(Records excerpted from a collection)
┄┄┄┄┄┄

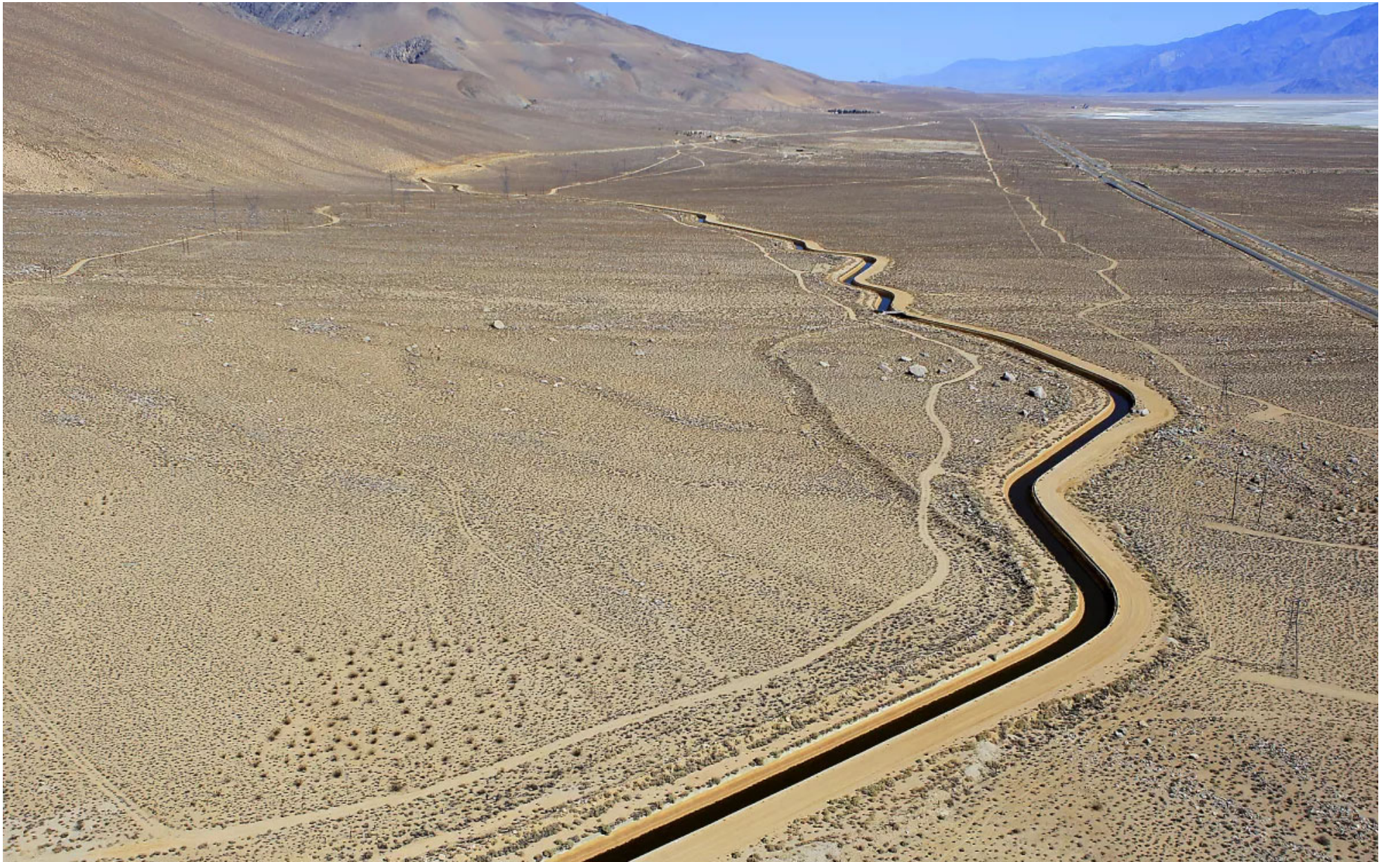
An aerial view of the Los Angeles Aqueduct as it flows south in its concrete-lined channel from the Owens Valley.
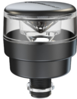
Part Number 0646421 12-80V Blue Class III LED Strobe Light with Pipe Mount
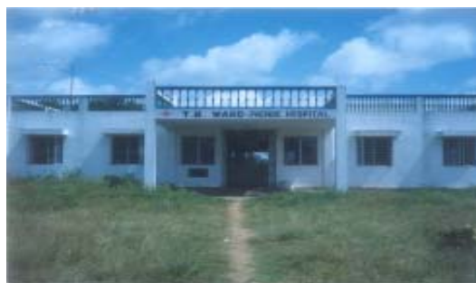
T.B. Ward Phende Hospital of Hunsur settlement

Representative Rabgyaling Tibetan Settlement P.O. Gurupura, Hunsur Taluk Mysore District Karnataka State - 571188 India Telephone: +91-8222-246007/246301 Fax: +91-8222-246007 E-mail: rabling_rap@rediffmail.com
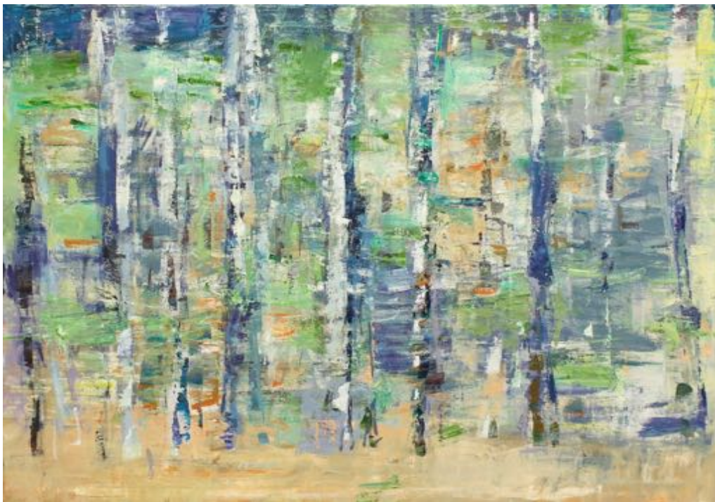
Treeline 8, 2019 Oil on Canvas, 30x40
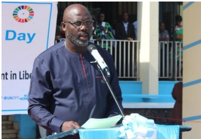
H.E. George Manneh Weah speaking at the 73rd UN Day Celebration at One UN House in Monrovia.

On 24 October, the United Nations in Liberia commemorated the 73rd United Nations Day with a flag raising ceremony. The celebration was attended by President H. E. George Manneh Weah, members of the diplomatic corps, development partners and international guests from the Kofi Annan Institute-Ghana, a delegation from the UN in Zambia, heads of agencies and UN staff in Liberia.
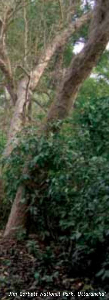
Jim Corbett National Park, Uttaranchal
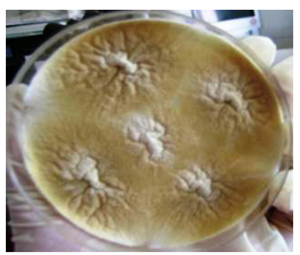
Figure 1. Colony morphology of P.variotii
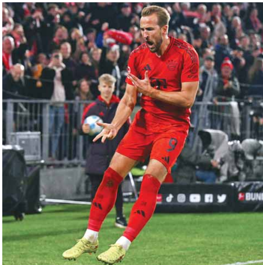
Bayern Munich's Harry Kane celebrates after scoring against Stuttgart in Munich.

Just five minutes later, the referee was sent to the video screen again, this time finding a penalty for Frankfurt, with Robert Andrich lightly touching Omar Marmoush's foot. Marmoush showed Boniface how it is done, blasting a low shot left to give the visitors the lead on 16 minutes. The Egyptian now has an in-
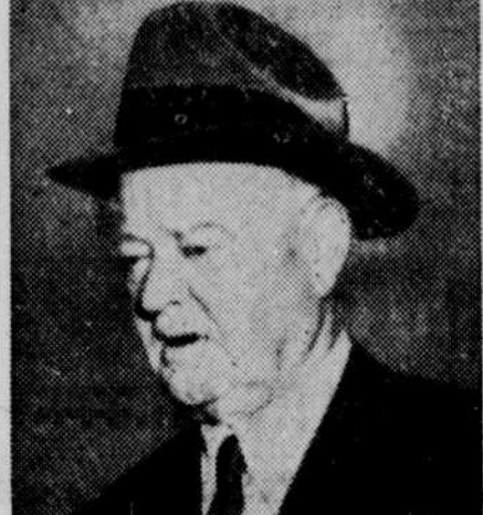
STOP RELIEF! . . . World War I food czar, ex-President Herbert Hoover, as he called for an immediate stoppage of relief supplies to Yugoslavia. He termed that nation's shooting down of American planes, "a poor token of gratitude."

┄┄┄┄┄┄

TASK GOAL =
The lines to reproduce run from the one above containing "H.E. George Manneh" through the one containing "Just five minutes". Copy them exactly and leave out all pictures.

ANSWER TO THE EXERCISE =
H.E. George Manneh Weah speaking at the 73rd UN Day Celebration at One UN House in Monrovia.

On 24 October, the United Nations in Liberia commemorated the 73rd United Nations Day with a flag raising ceremony. The celebration was attended by President H. E. George Manneh Weah, members of the diplomatic corps, development partners and international guests from the Kofi Annan Institute-Ghana, a delegation from the UN in Zambia, heads of agencies and UN staff in Liberia.
Jim Corbett National Park, Uttaranchal
Figure 1. Colony morphology of P.variotii
Bayern Munich's Harry Kane celebrates after scoring against Stuttgart in Munich.

Just five minutes later, the referee was sent to the video screen again, this time finding a penalty for Frankfurt, with Robert Andrich lightly touching Omar Marmoush's foot. Marmoush showed Boniface how it is done, blasting a low shot left to give the visitors the lead on 16 minutes. The Egyptian now has an in-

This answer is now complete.